13. The readout circuit of claim 11, wherein the second sampling capacitor has a capacitance value of less than 0.5 pF and the first sampling capacitor has a capacitance value greater than or equal to 1 pF.

14. A readout circuit for an image sensing pixel, comprising:

a column multiplexer comprising a first sampling capacitor and a second sampling capacitor, the second sampling capacitor having a smaller capacitance than the first sampling capacitor; and

a read circuit to measure light including the second sampling capacitor being sampled twice.

15. The readout circuit of claim 14, wherein the readout circuit is for comparing a measured light intensity signal with a dark signal to remove background noise during which the second sampling capacitor is sampled twice.

16. The readout circuit of claim 14, wherein the second sampling capacitor has a capacitance value of less than 0.5 pF and the first sampling capacitor has a capacitance value greater than or equal to 1 pF.

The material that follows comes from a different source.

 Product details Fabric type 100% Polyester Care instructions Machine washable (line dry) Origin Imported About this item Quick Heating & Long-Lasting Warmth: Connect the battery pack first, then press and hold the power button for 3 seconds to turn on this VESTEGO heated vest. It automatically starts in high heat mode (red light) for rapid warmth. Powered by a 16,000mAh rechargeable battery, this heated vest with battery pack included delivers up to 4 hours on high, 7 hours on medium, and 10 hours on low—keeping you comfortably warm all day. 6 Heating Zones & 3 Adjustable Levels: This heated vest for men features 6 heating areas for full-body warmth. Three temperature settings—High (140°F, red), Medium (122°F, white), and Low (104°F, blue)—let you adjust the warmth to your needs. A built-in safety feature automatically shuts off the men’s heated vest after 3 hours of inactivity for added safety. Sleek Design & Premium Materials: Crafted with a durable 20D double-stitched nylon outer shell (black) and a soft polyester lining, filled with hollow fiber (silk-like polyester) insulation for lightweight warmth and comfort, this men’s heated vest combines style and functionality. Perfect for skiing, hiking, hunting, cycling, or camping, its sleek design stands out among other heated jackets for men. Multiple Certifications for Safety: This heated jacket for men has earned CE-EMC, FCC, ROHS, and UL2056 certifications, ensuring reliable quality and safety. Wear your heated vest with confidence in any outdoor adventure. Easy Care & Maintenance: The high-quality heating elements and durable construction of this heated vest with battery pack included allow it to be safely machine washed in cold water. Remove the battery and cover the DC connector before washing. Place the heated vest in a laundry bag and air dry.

17. An electronic device comprising:

an image sensing pixel array; and

a readout circuit for the image sensing pixel array, and comprising a column multiplexer comprising a first sampling capacitor and a second sampling capacitor, and readout circuitry capable of performing correlated double sampling (CDS) during which the second sampling capacitor is sampled twice, the second sampling capacitor having a smaller capacitance than the first sampling capacitor

18. The electronic device of claim 17, wherein the device is an image sensor.

19. The electronic device of claim 17, wherein the device is a digital camera.

20. The electronic device of claim 17, wherein the device is a mobile telephone including a digital camera.

21. The electronic device of claim 17, wherein the device is an optical mouse.

22. A method of reading out signals from an image sensing pixel array, the method comprising:

sampling a first signal onto a first capacitor and a second capacitor, the second capacitor having a smaller capacitance than the first capacitor;

sampling a second signal onto the second capacitor; and

performing correlated double sampling based on the first and second sampled signals.

23. The method of claim 22, wherein the second capacitor is less than half the size of the first capacitor.

24. The method of claim 23, wherein the second capacitor has a value of less than 0.5 pF and the first capacitor has a value greater than or equal to 1 pF.